Kids Kabin will take up most of my time during the week. We'll be there everyday. We just finished out our first week there and it's been pretty good. It's definitely a lot to take in. I'm sort of taking over the pottery room which is awesome. One of the volunteers, Rebecca, from last year did the same thing. A few days ago, I ran my first session by myself. I worked with two kids and it was great! I'm currently just trying to organize and clean things up. This week, I also had my first taste of a Kids Kabin street session. We have various things hooked to the back of bikes and we go out into the nearby neighborhoods and do activities. This time, it was cooking and pottery. It was great to interact with the kids and make some pottery outside in the lovely Newcastle weather (so glad it wasn't raining!!). So much fun!!

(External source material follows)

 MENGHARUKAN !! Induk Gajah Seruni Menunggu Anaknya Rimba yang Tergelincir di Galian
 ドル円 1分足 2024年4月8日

In addition to the day to day at Kids Kabin, I've been offered the opportunity to run a little pottery program with a school group once a week for the next five-ish weeks. The kids in the group all have some sort of disability. I think it will be amazing to work with this group and introduce them to ceramics. I'm excited to be able to work with the same group, in the same medium for an extended period of time. I also get to run some kind of pottery workshop at the beginning of October...more details on this once I learn more about it.
So needless to say, the world of volunteer life is pretty good. I'm loving it so far! Other than work, my flatmates and I are just getting settled into life here. We've slowly begun learning to cook and our meals have been pretty good so far! I even succeeded in making yummy banana bread a couple nights ago! We've also had our first excersion to the grocery store (scary!) and rearranged out kitchen in a order that makes sense to us. In addition, we made a trip to a bunch of the charity shops (aka: thrift stores) and other places today to get the final things to make our rooms more our own. My little room is so cozy now! Tomorrow we're heading into town to try out a different church, tour some historic buildings, and shop around a little more. Ahhh, life is good for sure.

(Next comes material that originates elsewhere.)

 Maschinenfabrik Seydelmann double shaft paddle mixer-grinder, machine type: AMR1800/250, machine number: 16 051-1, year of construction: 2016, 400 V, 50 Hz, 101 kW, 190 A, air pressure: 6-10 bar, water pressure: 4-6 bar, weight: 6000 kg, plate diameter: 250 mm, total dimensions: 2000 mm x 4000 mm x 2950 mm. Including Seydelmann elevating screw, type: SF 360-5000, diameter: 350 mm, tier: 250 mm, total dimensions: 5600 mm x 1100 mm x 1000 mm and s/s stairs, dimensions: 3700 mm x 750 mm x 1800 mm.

With all the work I've been doing with pottery and with all the incredible things that have been happening in life lately, I couldn't help but think of the Bible verse, Isaiah 64:7, "Yet, O Lord, you are our father; we are the clay and you the potter: we are all the work of your hands." This verse encompasses all that is happening in my life right now, plus I like that this verse talks about pottery, which is quickly becoming a big part of my life. If I just offer it all up and let Him lead me down His path, all will be well. I've just got to put all my faith in the Lord and be confident in Him. Easier said then done sometimes, believe me.